- [Task details]:
Please give back only the lines below from the one containing "各種表彰として、「海洋センタ" to the one containing "纸扎大锅菜里的金馒头还贴心地印上了汤汁,浓油赤酱,恩格尔系数直线飙升。", each repeated word for word, both ends included.

- [Data extracts]:
====
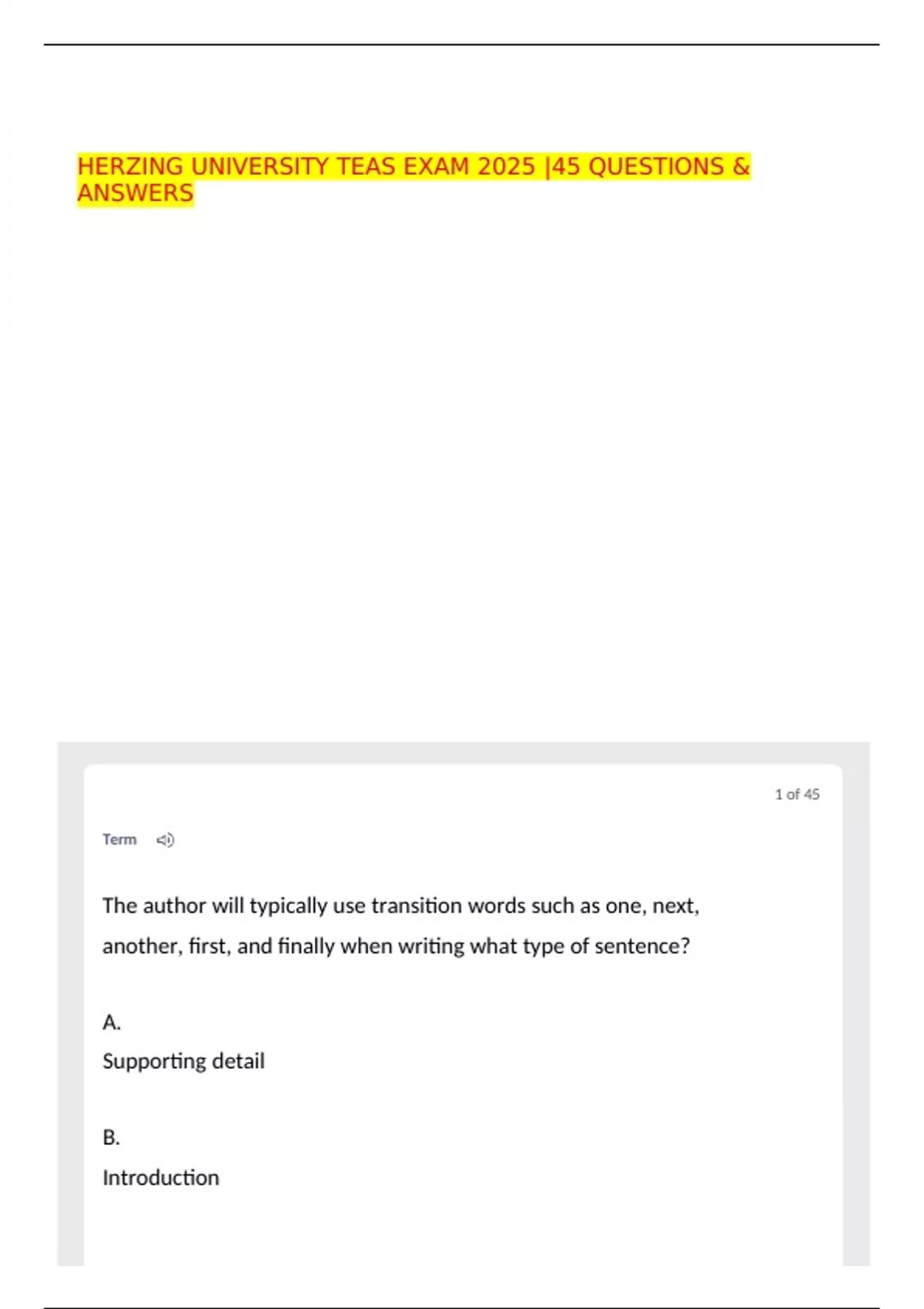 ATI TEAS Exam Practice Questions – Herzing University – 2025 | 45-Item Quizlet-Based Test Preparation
====
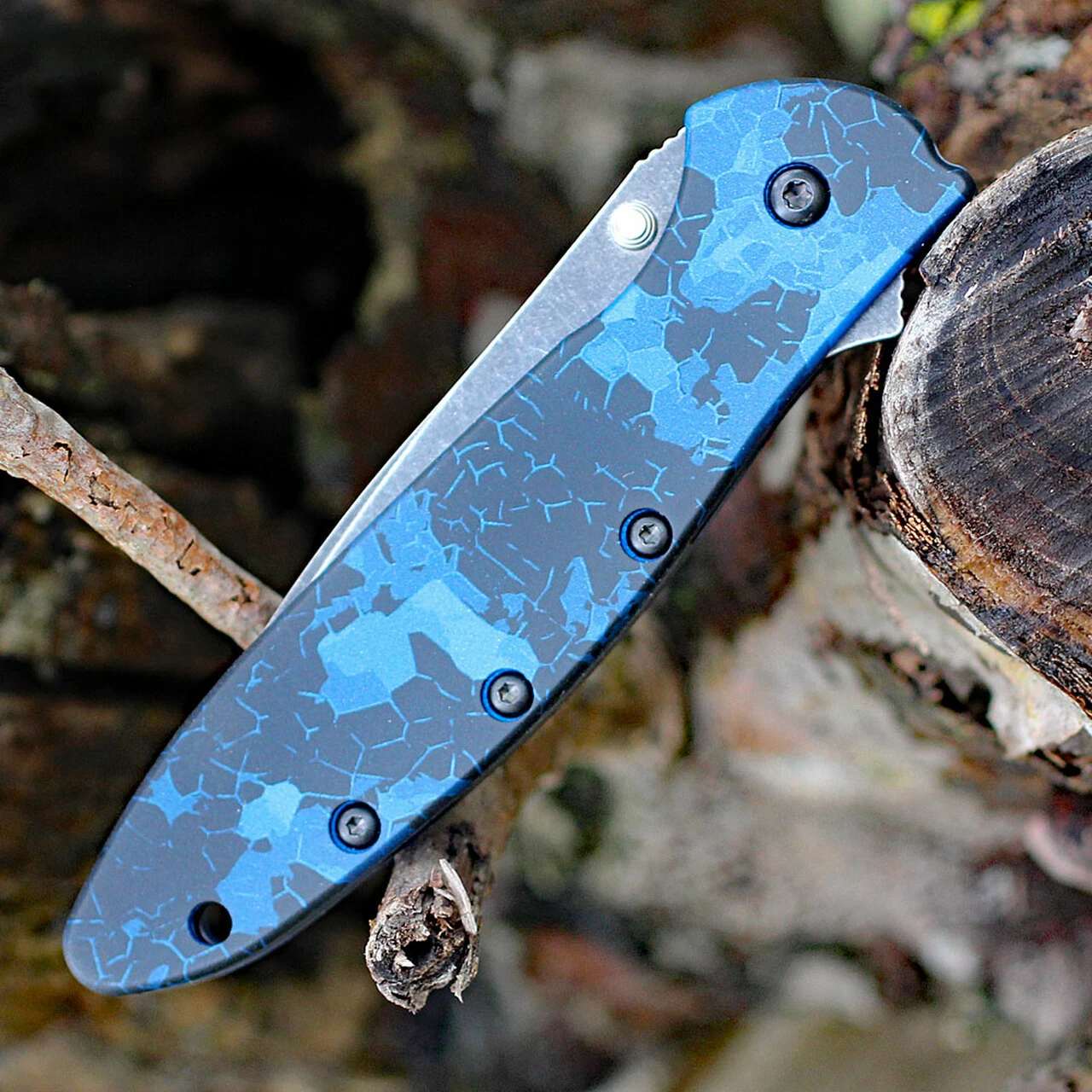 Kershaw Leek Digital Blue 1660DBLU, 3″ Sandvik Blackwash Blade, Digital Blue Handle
====
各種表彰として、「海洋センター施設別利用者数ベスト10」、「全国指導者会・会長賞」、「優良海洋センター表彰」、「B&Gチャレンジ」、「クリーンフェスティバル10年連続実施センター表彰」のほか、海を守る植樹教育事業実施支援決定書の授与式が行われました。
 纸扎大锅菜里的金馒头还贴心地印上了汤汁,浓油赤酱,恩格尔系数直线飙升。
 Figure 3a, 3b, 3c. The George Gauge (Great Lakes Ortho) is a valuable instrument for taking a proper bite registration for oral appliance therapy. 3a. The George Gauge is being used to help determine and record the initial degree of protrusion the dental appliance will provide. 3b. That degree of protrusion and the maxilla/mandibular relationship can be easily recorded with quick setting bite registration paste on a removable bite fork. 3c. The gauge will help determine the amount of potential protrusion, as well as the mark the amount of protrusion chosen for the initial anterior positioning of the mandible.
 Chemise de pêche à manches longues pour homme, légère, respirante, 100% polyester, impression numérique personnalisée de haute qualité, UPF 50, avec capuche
====
- [Exercise result]:
各種表彰として、「海洋センター施設別利用者数ベスト10」、「全国指導者会・会長賞」、「優良海洋センター表彰」、「B&Gチャレンジ」、「クリーンフェスティバル10年連続実施センター表彰」のほか、海を守る植樹教育事業実施支援決定書の授与式が行われました。
 纸扎大锅菜里的金馒头还贴心地印上了汤汁,浓油赤酱,恩格尔系数直线飙升。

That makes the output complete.